The potential of erythrocytes as cellular aging models.

Aging is a complicate process that is far away from being understood but increasingly being investigated. The term is majorly used for multicellular organisms because singe cells, especially cell lines used in laboratories, are often immortal. Nevertheless, also multicellular organisms are based on single cells. Therefore, the understanding of how organisms age requires the understanding of how single cells age. In the recent years and with the progress in single-cell molecular biology, a certain genetic determination of aging transcriptional signatures and aging patterns were recognized, for example.[1] However, from studies of genetically identical organisms it became evident that other factors than genetic regulation have a significant influence on cellular aging.[2] Therefore, more physiological measures as read-outs for cell aging have been proposed.[3] This is a very sensible concept but even if cells are in the Go-phase of the cell cycle and can be regarded as senescent, protein translation and other modes of biosynthesis mask the intrinsic aging process of particular subcellular components. To really understand the post mature aging requires a cell model with vastly quiescent translation and biosynthesis. Even in this case, one must distinguish single-cell aging after cell replacement into an (artificial) environment like a primary cell culture on the one hand and a natural behavior with systemic interactions on the other hand.

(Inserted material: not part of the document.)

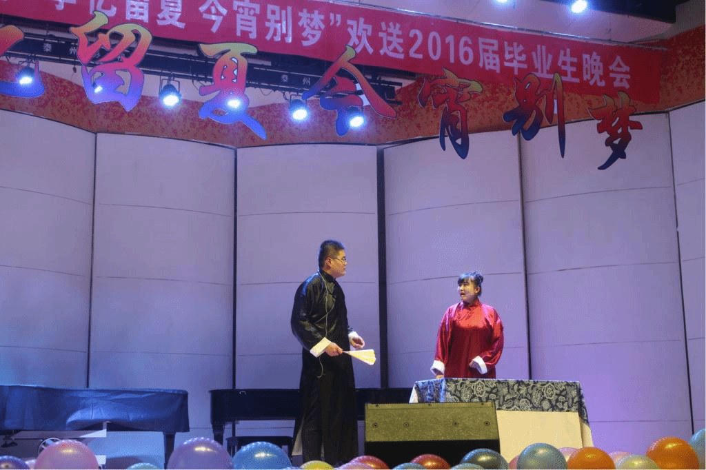 金忠杰副院长主持的抽奖环节,朗诵了四年前某位学姐对四年后的人生规划,意义十足,博得了尤其是毕业生的掌声。最后,晚会在歌曲《难忘今宵》平静优雅的旋律中宣告结束。

We like to discuss the classical example of biosynthetically quiescent cells, the mammalian red blood cells (RBCs). In the last century, RBCs were the preferred model cells to investigate membrane transport.[4] With the start of the genomic era and progress in genetic manipulation, RBCs lost their popularity as model cells because with the enucleation of the late erythroblast in mammals, which is regarded as the birth of the RBC, these cells lose their transcriptional apparatus.[5] This putative disadvantage can be regarded as an advantage in investigating particular aspects of post mature aging since it defines a starting point of an aging process of an average 120 days in human RBCs until these cells get cleared., Even if there is a minor translational activity left in reticulocytes, the translation activity decreases within a few days.[8] The situation is obviously different in non-mammalian RBCs containing a nucleus and hence transcription and translation activity.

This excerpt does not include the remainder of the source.